### The data
=-=-=

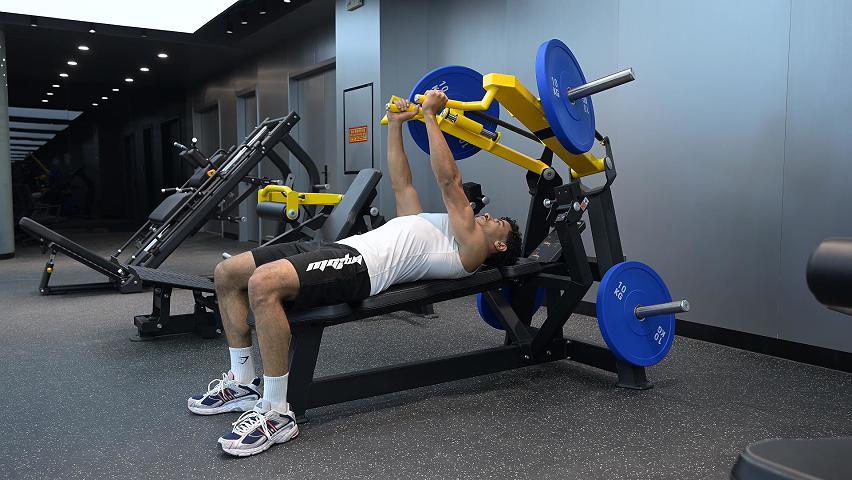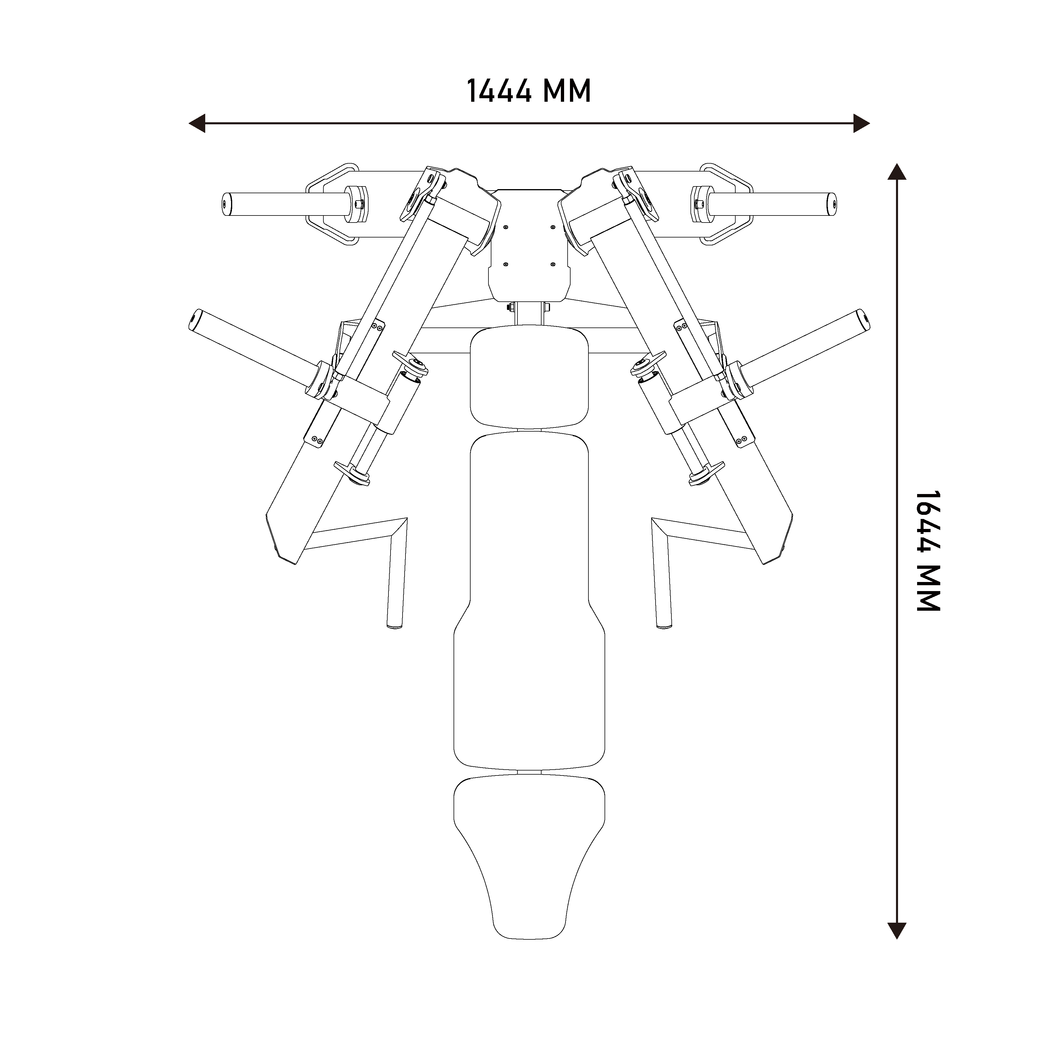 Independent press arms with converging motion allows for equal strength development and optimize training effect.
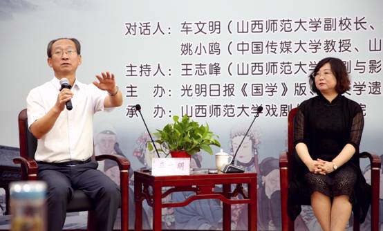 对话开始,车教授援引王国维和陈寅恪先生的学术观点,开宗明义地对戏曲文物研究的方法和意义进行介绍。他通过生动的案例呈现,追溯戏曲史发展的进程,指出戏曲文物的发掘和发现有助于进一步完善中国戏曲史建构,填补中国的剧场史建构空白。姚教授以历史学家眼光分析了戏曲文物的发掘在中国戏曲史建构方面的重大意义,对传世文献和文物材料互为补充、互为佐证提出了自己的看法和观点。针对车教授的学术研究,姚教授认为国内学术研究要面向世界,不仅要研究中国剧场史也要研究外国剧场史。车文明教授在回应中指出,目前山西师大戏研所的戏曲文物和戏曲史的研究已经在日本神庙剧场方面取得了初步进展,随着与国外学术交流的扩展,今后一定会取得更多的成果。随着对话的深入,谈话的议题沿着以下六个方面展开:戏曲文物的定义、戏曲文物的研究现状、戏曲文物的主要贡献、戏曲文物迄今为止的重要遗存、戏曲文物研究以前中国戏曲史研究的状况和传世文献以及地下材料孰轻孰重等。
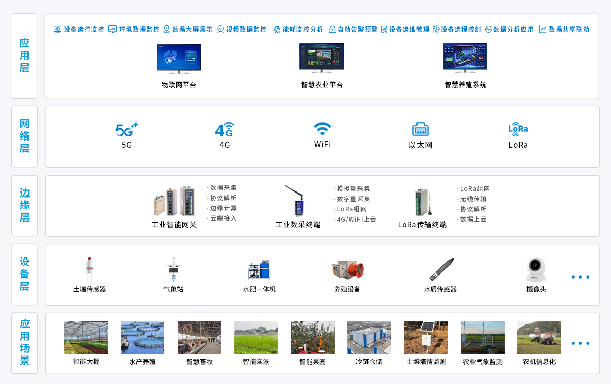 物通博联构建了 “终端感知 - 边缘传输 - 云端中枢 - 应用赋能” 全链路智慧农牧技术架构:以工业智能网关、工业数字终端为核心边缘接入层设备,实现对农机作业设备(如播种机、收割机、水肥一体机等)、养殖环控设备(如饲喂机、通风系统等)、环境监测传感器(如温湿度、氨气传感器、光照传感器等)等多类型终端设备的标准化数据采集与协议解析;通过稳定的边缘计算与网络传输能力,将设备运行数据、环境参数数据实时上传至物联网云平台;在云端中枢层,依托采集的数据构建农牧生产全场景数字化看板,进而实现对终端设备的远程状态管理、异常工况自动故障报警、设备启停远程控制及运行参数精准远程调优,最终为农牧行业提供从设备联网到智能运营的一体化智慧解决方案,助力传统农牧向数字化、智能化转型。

=-=-=

### Assigned task
Drop the pictures and give every line above again exactly.

### Result for this exercise
 Independent press arms with converging motion allows for equal strength development and optimize training effect.
 对话开始,车教授援引王国维和陈寅恪先生的学术观点,开宗明义地对戏曲文物研究的方法和意义进行介绍。他通过生动的案例呈现,追溯戏曲史发展的进程,指出戏曲文物的发掘和发现有助于进一步完善中国戏曲史建构,填补中国的剧场史建构空白。姚教授以历史学家眼光分析了戏曲文物的发掘在中国戏曲史建构方面的重大意义,对传世文献和文物材料互为补充、互为佐证提出了自己的看法和观点。针对车教授的学术研究,姚教授认为国内学术研究要面向世界,不仅要研究中国剧场史也要研究外国剧场史。车文明教授在回应中指出,目前山西师大戏研所的戏曲文物和戏曲史的研究已经在日本神庙剧场方面取得了初步进展,随着与国外学术交流的扩展,今后一定会取得更多的成果。随着对话的深入,谈话的议题沿着以下六个方面展开:戏曲文物的定义、戏曲文物的研究现状、戏曲文物的主要贡献、戏曲文物迄今为止的重要遗存、戏曲文物研究以前中国戏曲史研究的状况和传世文献以及地下材料孰轻孰重等。
 物通博联构建了 “终端感知 - 边缘传输 - 云端中枢 - 应用赋能” 全链路智慧农牧技术架构:以工业智能网关、工业数字终端为核心边缘接入层设备,实现对农机作业设备(如播种机、收割机、水肥一体机等)、养殖环控设备(如饲喂机、通风系统等)、环境监测传感器(如温湿度、氨气传感器、光照传感器等)等多类型终端设备的标准化数据采集与协议解析;通过稳定的边缘计算与网络传输能力,将设备运行数据、环境参数数据实时上传至物联网云平台;在云端中枢层,依托采集的数据构建农牧生产全场景数字化看板,进而实现对终端设备的远程状态管理、异常工况自动故障报警、设备启停远程控制及运行参数精准远程调优,最终为农牧行业提供从设备联网到智能运营的一体化智慧解决方案,助力传统农牧向数字化、智能化转型。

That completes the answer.